I'm highly proficient in R, and love taking on new and complex data science problems. Take a look at my CV and projects, if you ever want a chat about a project, or job, then get in touch!
I deal with large scale genomic data, applying varying statistical methods, as such it's a natural choice for me to work in R (or RNoteBooks nowadays...). R gives me the flexibility to run code anywhere that R is installed, rapidly develop/ prototype methods, and even tie it all together into a robust application using Shiny. I'm a highly competent R programmer, and now more of a functional programmer, than OO. I'm very familiar with a lot of genomic (especially human) databases hosted by the EBI, Broad, Ensembl, all of which utilise SQL in some way. If R is my bread, then Bash is my butter - the majority of sequencing data I analyse requires some form of preprocessing or normalisation before it's in a usable form, and most of tools that provide that functionality are C++ or Java based, so elegant bash scripting is essential. Visualisation is another key element of my day to day working, and I'm extremely familiar with the ggplot2 framework in R, designing and implementing informative plots at publication quality.
I work day to day in a Linux environment, as such I'm familiar with Debian and RedHat flavours of Linux. I've been responsible for system administration of Ubuntu based servers, developing in a CentOS based compute cluster, and managing NAS storage arrays. I've also used AWS for projects in the past, which involved the automation of spinning up and stopping instances, along with general management of AWS instances.
Experimental Design
I've been lead analyst on a number of projects, and a key responsibility of mine has been experimental design, in which I'm consulted by PIs, Professors, and PhD students. Typically these are experiments for array studies, and high throughput RNA/miRNA/DNA sequencing. One recent project saw a problem in the number of sample types, and the number of unique samples that could be sequenced at one (multiplexing limit). I designed a function to simulate the experimental parameters and fit a model that was full rank, based on the studies hypothesis.
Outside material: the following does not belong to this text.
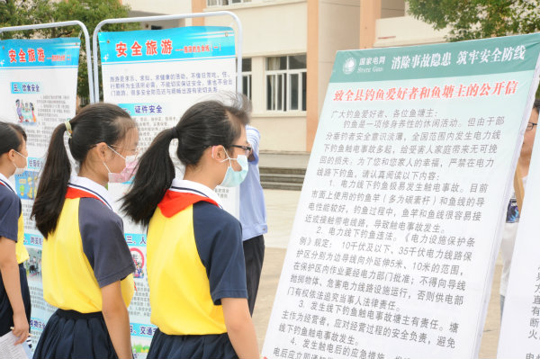 國(guó)網(wǎng)撫州廣昌縣供電公司積極響應(yīng)縣委宣傳部號(hào)召,認(rèn)真聽講并設(shè)立安全展板:“居家用電安全常識(shí)”、“預(yù)防常見(jiàn)用電事故”、“如何急救觸電者”......此次“暑期第一課”活動(dòng),提醒了同學(xué)們?cè)诩倨诶镆惨⒁庖咔榉揽?,要遠(yuǎn)離危險(xiǎn)場(chǎng)所、避免危險(xiǎn)行為,進(jìn)一步增強(qiáng)了同學(xué)們的安全觀念和自我保護(hù)意識(shí),對(duì)少年兒童的健康成長(zhǎng)起到了良好的安全護(hù)航作用,讓同學(xué)們度過(guò)一個(gè)健康、安全的暑假。
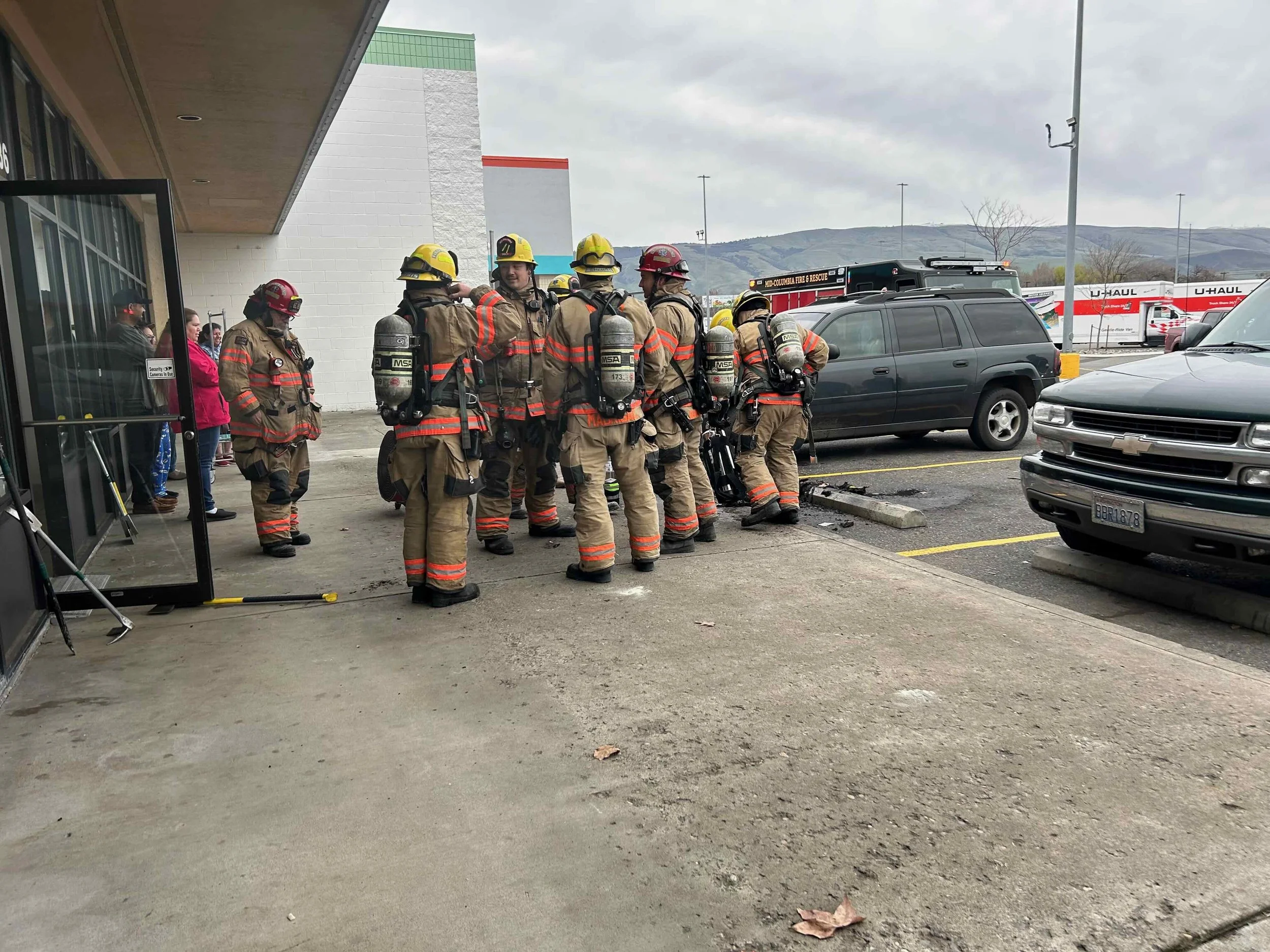 The Dalles Fire Dept Standing with extinguished items

This process allowed the samples to be allocated the optimum groups, to absorb for between batch variance in the model design. The project code is linked below.
Statistical analysis is a core aspect of my current role, as such I've become highly capable of taking high level concepts and applying them to very large datasets. An example of which is with a recent eQTL study I analysed, where the PI wanted a bespoke analysis, and standard packages couldn't offer a solution. An eQTL analysis involves looking for a trend in expression, based on a patient's genotype to identify disease traits. The bespoke analysis involved running a simple linear regression, over hundreds of thousands of combinations, and evolved to implementing a Multinomial Log-linear Model. This kind of model allowed us to identify disease specific eQTLs. The github project is available in the link below.
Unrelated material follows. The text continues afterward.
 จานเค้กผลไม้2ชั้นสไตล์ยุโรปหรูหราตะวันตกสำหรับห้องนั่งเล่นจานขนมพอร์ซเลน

Pediatric patients with complex Primary Immunodeficiency (PID) are seen at the Great North Children's hospital in Newcastle, where typically they're screened for a number of known genetic variants that marker various sub-classifications of PID conditions. Often there are cases where genetic screens show no definitive diagnosis, in which the patient, and in some cases family members are exome sequenced in house. I've designed and implemented the analysis pipeline consisting of 34 families, and 95 singleton, managing over 200 samples. The analysis pipeline can deal with samples from different sequencers, from different chemistries, and from different pedigrees elegantly. This system also implements sanity checks for inferred gender, and relatedness checks within pedigrees. The system is built on the foundations of GATK 3.4, and is optimised to run on Sun of GridEngine (SoGE). The analysis allows for incremental batches of samples to be added, with an average of 9 samples per month (45GB compressed raw data) coming in.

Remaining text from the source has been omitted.